** Opening Input material block **

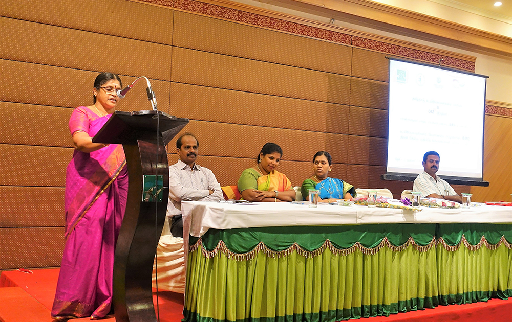 Ms. Sugantha Priscilla, GIZ, speaking at the Workshop at Madurai
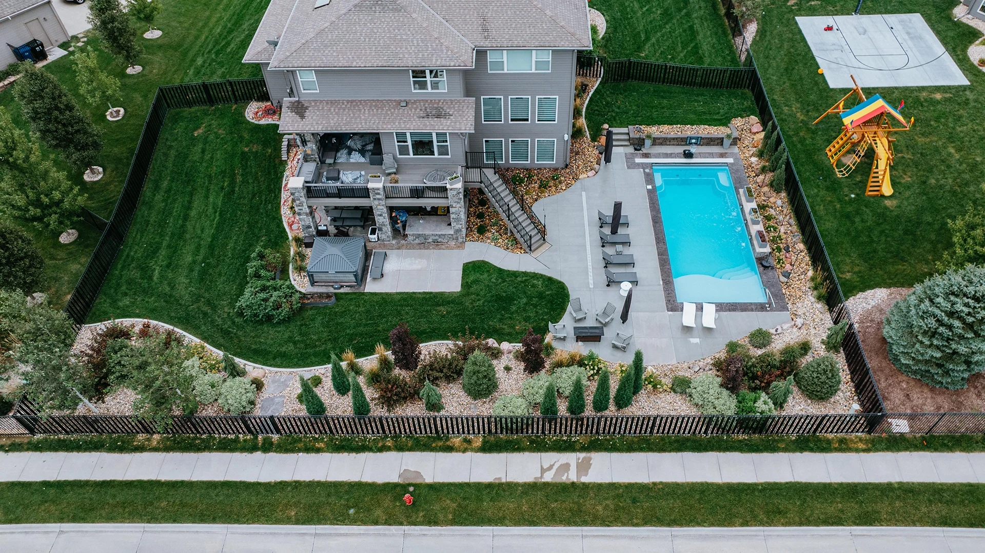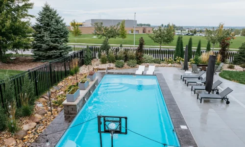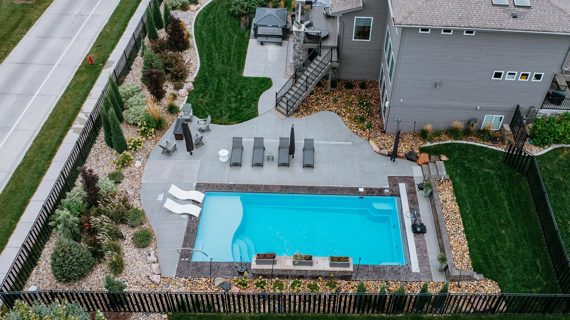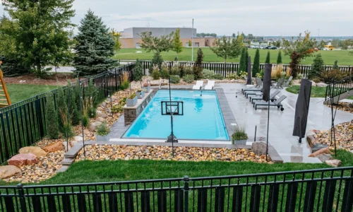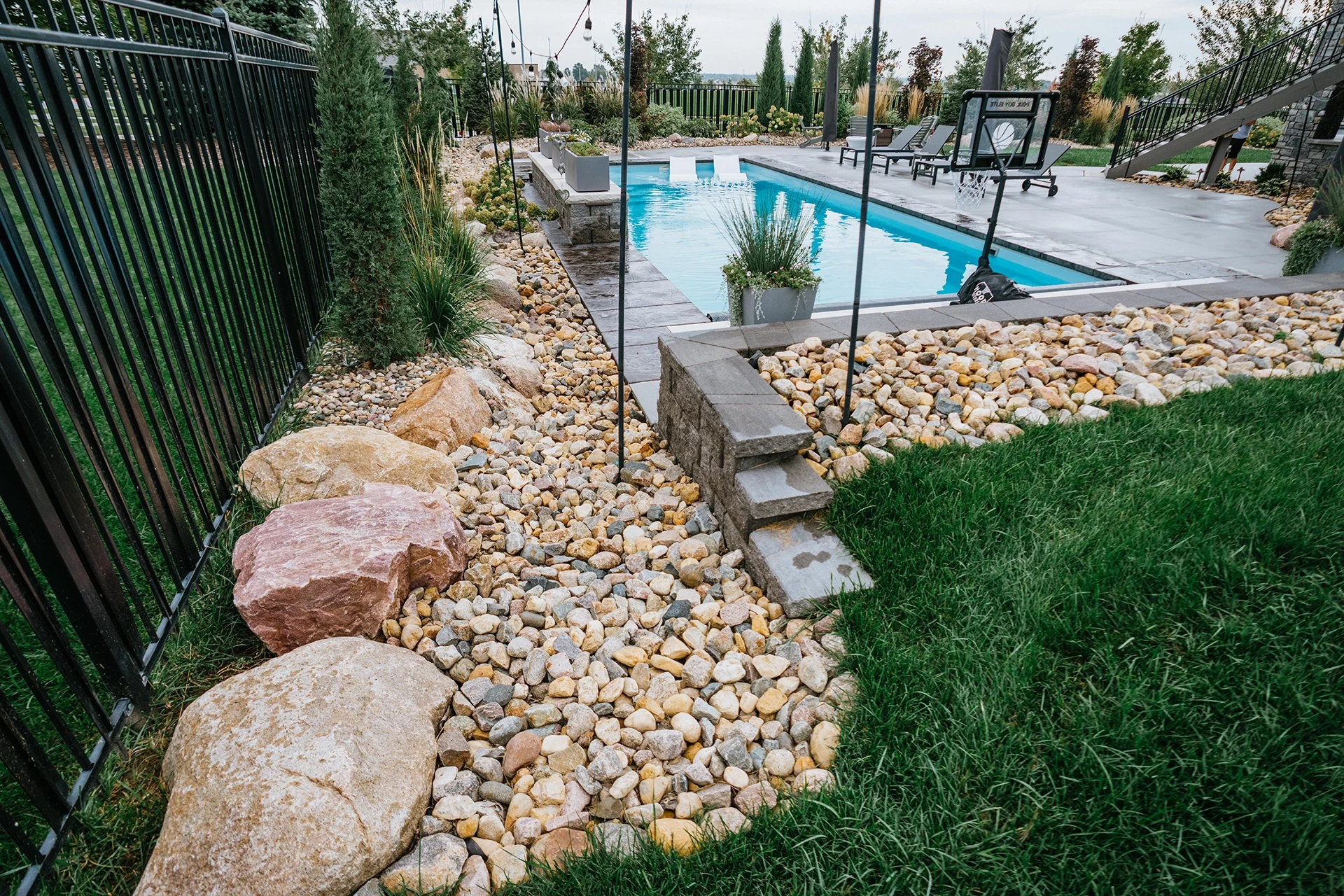 This family is enjoying a complete overhaul of their backyard space. The project was completed in two phases, with the back fence landscaping kicking it off. The following season, the pool with waterfall, patio deck, retaining wall and additional landscaping around the pool and stairs was created.
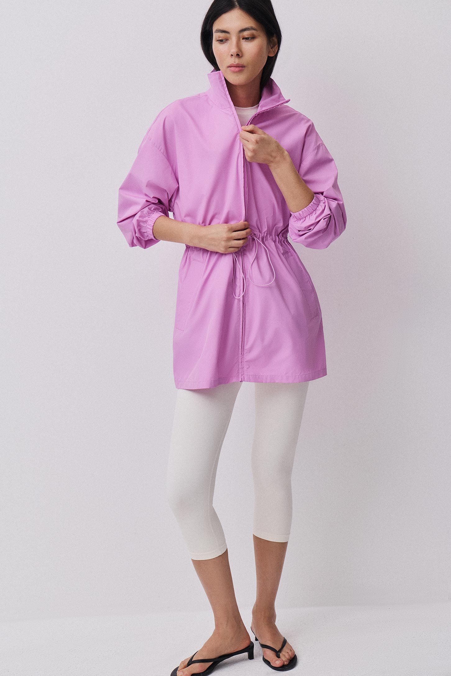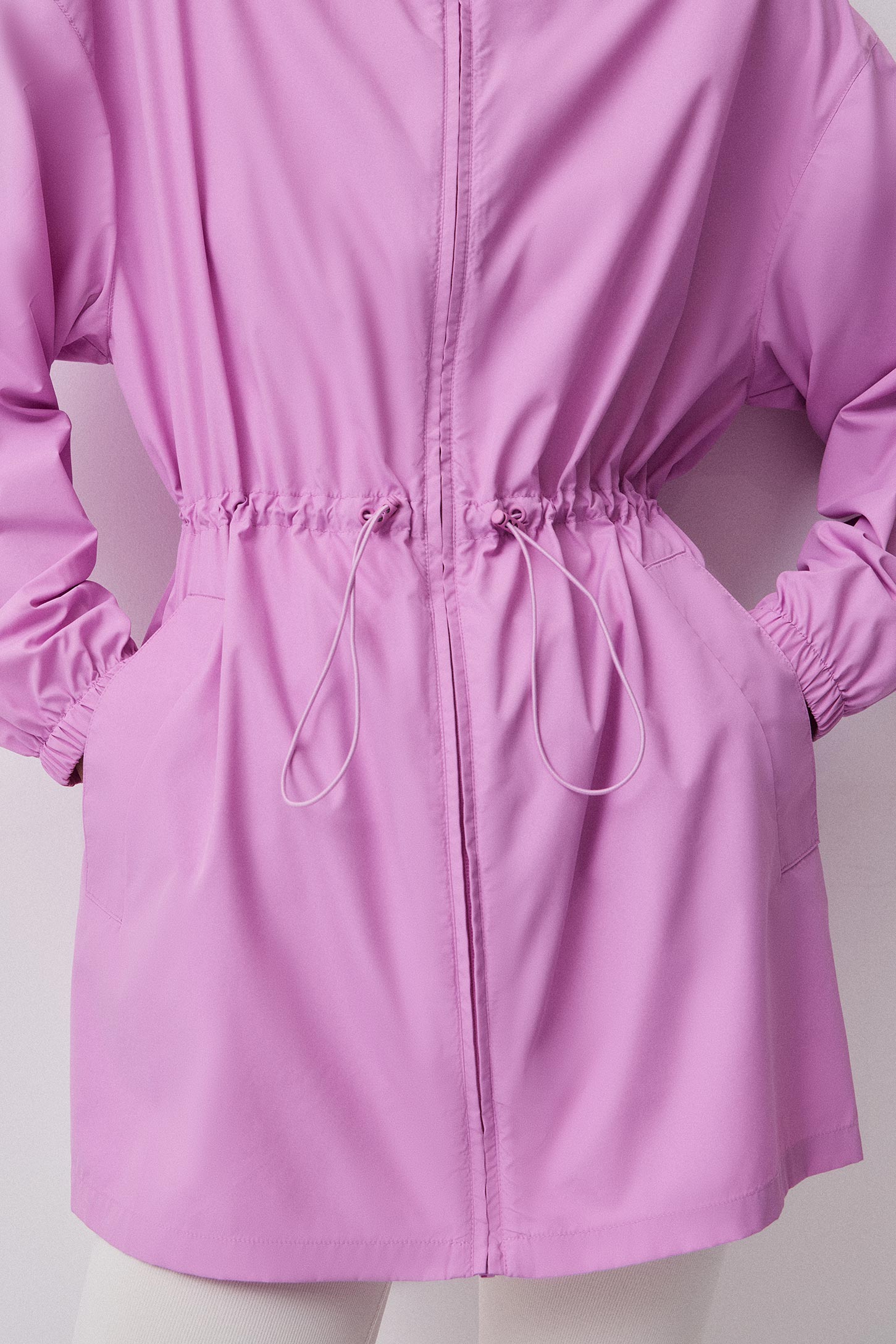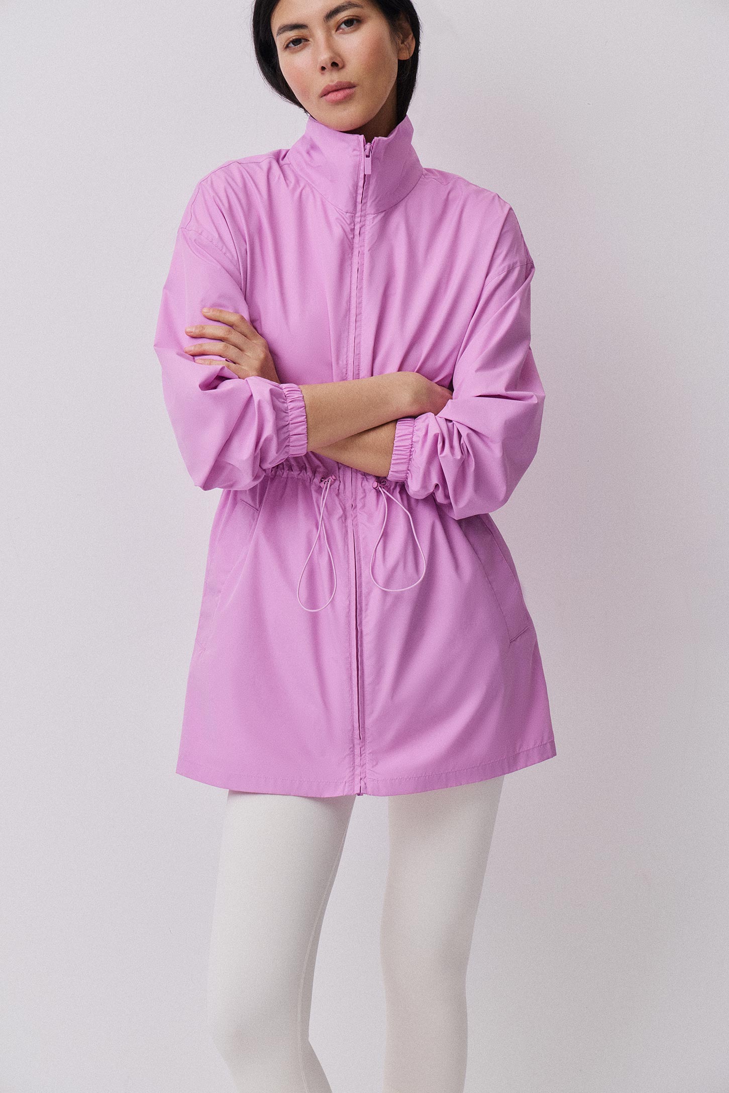 Удлиненная ветровка свободного силуэта на молнии, с воротником- стойкой. Кулиска на талии создает приталенный силуэт, благодаря эластичному шнуру cо стопперами. Рукава с резинкой по низу. Прорезные карманы с листочками спереди. Легкая, ветрозащитная ткань, устойчивая к дождю. Изделие без подкладки.
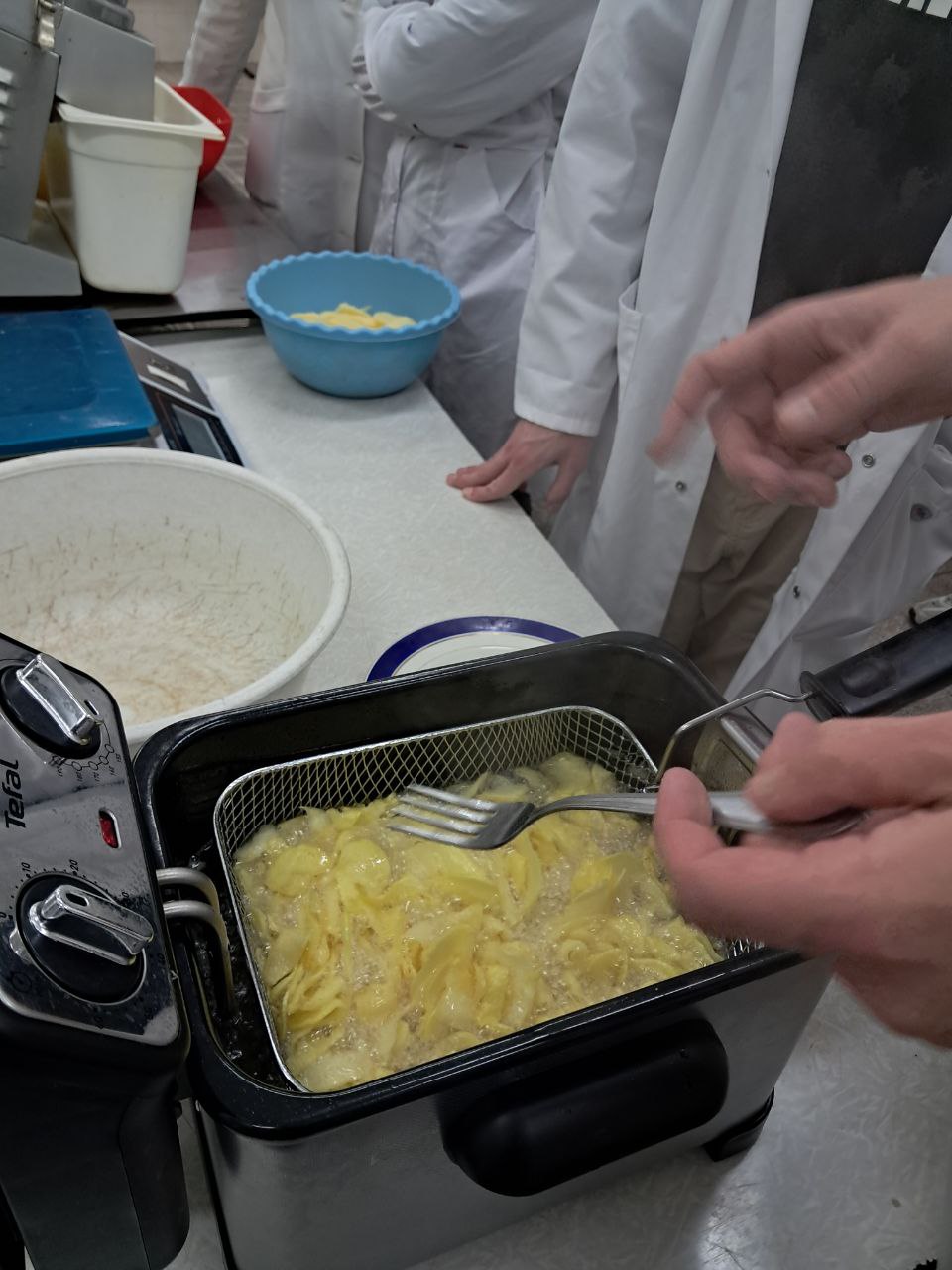 Одним із найцікавіших етапів практики є оцінка якості бульб картоплі для виробництва чіпсів. Студенти аналізують різні сорти картоплі, визначають їх придатність до переробки, а потім власноруч виготовляють натуральні картопляні чіпси, які згодом дегустують, порівнюючи смак і текстуру, щоб обрати найкращі сорти для подальшого виробництва.
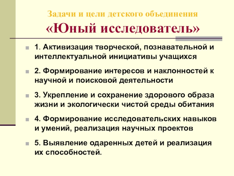 Слайд 11Задачи и цели детского объединения «Юный исследователь»
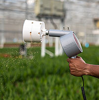 Utilizar o Natutec Mini-Airbug para a distribuição de inimigos naturais na cultura. O Mini-Airbug pode ser utilizado para a distribuição em todo o campo, em pontos quentes específicos, bem como para a distribuição de Artefeed e Entofood.
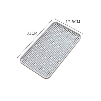 Featuring a hollow grid design, the upper layer maintains an elevated position above the water-collecting lower layer. This thoughtful construction not only promotes drainage but also keeps your kitchen tidy and organized. Versatile in its use, this dish drainer tray serves multiple purposes — utilize it for draining vegetables and fruits, drying dishes, or as a stylish tea tray.

** Closing Input material block **

▶ **What is being asked**: Without any pictures, please write out the lines from the one containing "Utilizar o Natutec" through the final line of the data, exactly and inclusive of both ends.

▶ **Answer**:
 Utilizar o Natutec Mini-Airbug para a distribuição de inimigos naturais na cultura. O Mini-Airbug pode ser utilizado para a distribuição em todo o campo, em pontos quentes específicos, bem como para a distribuição de Artefeed e Entofood.
 Featuring a hollow grid design, the upper layer maintains an elevated position above the water-collecting lower layer. This thoughtful construction not only promotes drainage but also keeps your kitchen tidy and organized. Versatile in its use, this dish drainer tray serves multiple purposes — utilize it for draining vegetables and fruits, drying dishes, or as a stylish tea tray.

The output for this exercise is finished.